Each study in the discovery sample was genotyped using commercially available platforms. Before imputation, genetic homogeneity was assessed in each sample using multi-dimensional scaling (MDS) analysis (Extended Data Fig. 2). Ancestry outliers were excluded through visual inspection of the first two components. Quality control filtering was applied to remove genotyped SNPs with low minor allele frequency (< 0.01), poor genotype call rate (< 95%), and deviations from Hardy–Weinberg equilibrium (P < 1 × 10−6) before imputation. The imputation protocols used MaCH34 for haplotype phasing and minimac35 for imputation and are freely available online (http://enigma.ini.usc.edu/protocols/genetics-protocols/). Full details of quality control procedures and any deviations from the imputation protocol are given in Supplementary Table 3.
Genome-wide association scans were conducted at each site for all eight traits of interest including the ICV and bilateral volumes of the nucleus accumbens, amyg-dala, caudate nucleus, hippocampus, pallidum, putamen and thalamus. For each SNP in the genome, the additive dosage value was regressed against the trait of interest separately using a multiple linear regression framework controlling for age, age2, sex, 4 MDS components, ICV (for non-ICV phenotypes) and diagnosis (when applicable). For studies with data collected from several centres or scanners, dummy-coded covariates were also included in the model. Sites with family data (NTR-Adults, BrainSCALE, QTIM, SYS, GOBS, ASPSFam, ERF, GeneSTAR, NeuroIMAGE and OATS) used mixed-effects models to control for familial relationships in addition to covariates stated previously. The primary analyses for this paper focused on the full set of subjects including data sets with patients to maximize the power to detect effects. We re-analysed the data excluding patients to verify that detected effects were not due to disease alone (Extended Data Fig. 5a). The protocols used for testing association with mach2qtl (ref. 34) for studies with unrelated subjects and merlin-offline36 for family-based designs are freely available online (http://enigma.ini.usc.edu/protocols/genetics-protocols/). Full details for the software used at each site are given in Supplementary Table 3.

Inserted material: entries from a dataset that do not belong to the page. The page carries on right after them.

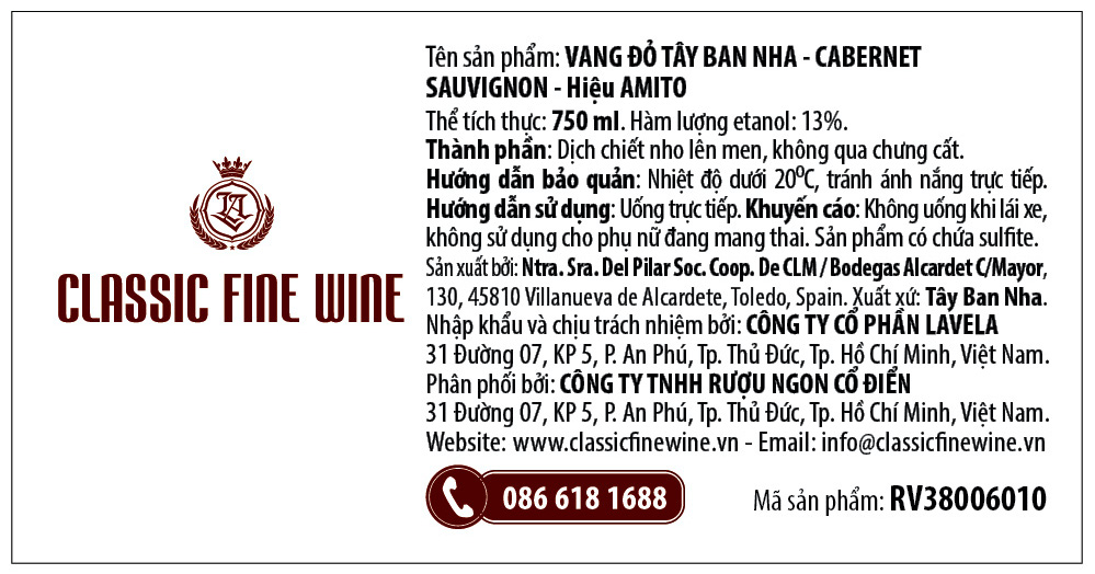 Vang đỏ Tây Ban Nha - AMITO CABERNET SAUVIGNON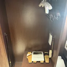 The hotel's location right next to Kyoto Station is unbeatable. We were able to drop off our luggage early and head straight out to explore/shop. Toiletries are conveniently available for self-service pickup next to the elevator on the first floor. I would definitely stay here again on my next trip.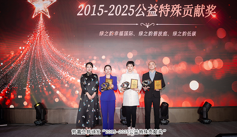 隨后,綠之韻集團總裁勞嘉為綠之韻幸福國際、綠之韻碧波庭、綠之韻低碳頒發(fā)“2015-2025公益特殊貢獻獎”。這份榮譽,不僅是對他們善行足跡的銘刻,更是對綠之韻十年如一日公益初心的見證。從鄉(xiāng)村振興到扶危濟困,從圓夢行動到書香助學(xué),他們的行動如細雨潤物,凝聚成一股溫暖而持久的力量。公益之路,從來不是獨行;這份榮譽,同樣屬于所有為愛奔赴的綠之韻人。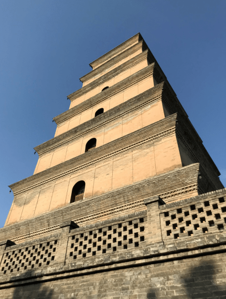 大雁塔又名“慈恩寺塔”,是我国现存最早、规模最大的唐代四方楼阁式砖塔。唐永徵三年(652年),玄奘为保存由天竺经丝绸之路带回长安的经卷佛像,主持修建了大雁塔,最初五层,后加盖至九层,再后层数和高度又有数次变更,最后固定为今天所看到的七层塔身。大雁塔每层四面均有券门,塔身通高64.517米,底层边长25.5米。

The GWAS results from each site were uploaded to a centralized server for quality checking and processing. Results files from each cohort were free from genomic inflation in quantile–quantile plots and Manhattan plots (http://enigma.ini.usc.edu/publications/enigma-2/). Poorly imputed SNPs (with R2 < 0.5) and low minor allele count (< 10) were removed from the GWAS result files from each site. The resulting files were combined meta-analytically using a fixed-effect, inverse-variance-weighted model as implemented in the software package METAL37. The discovery cohorts were meta-analysed first, controlling for genomic inflation. The combined discovery data set (comprised of all meta-analysed SNPs with data from at least 5,000 subjects) was carried forward for the additional analyses detailed below.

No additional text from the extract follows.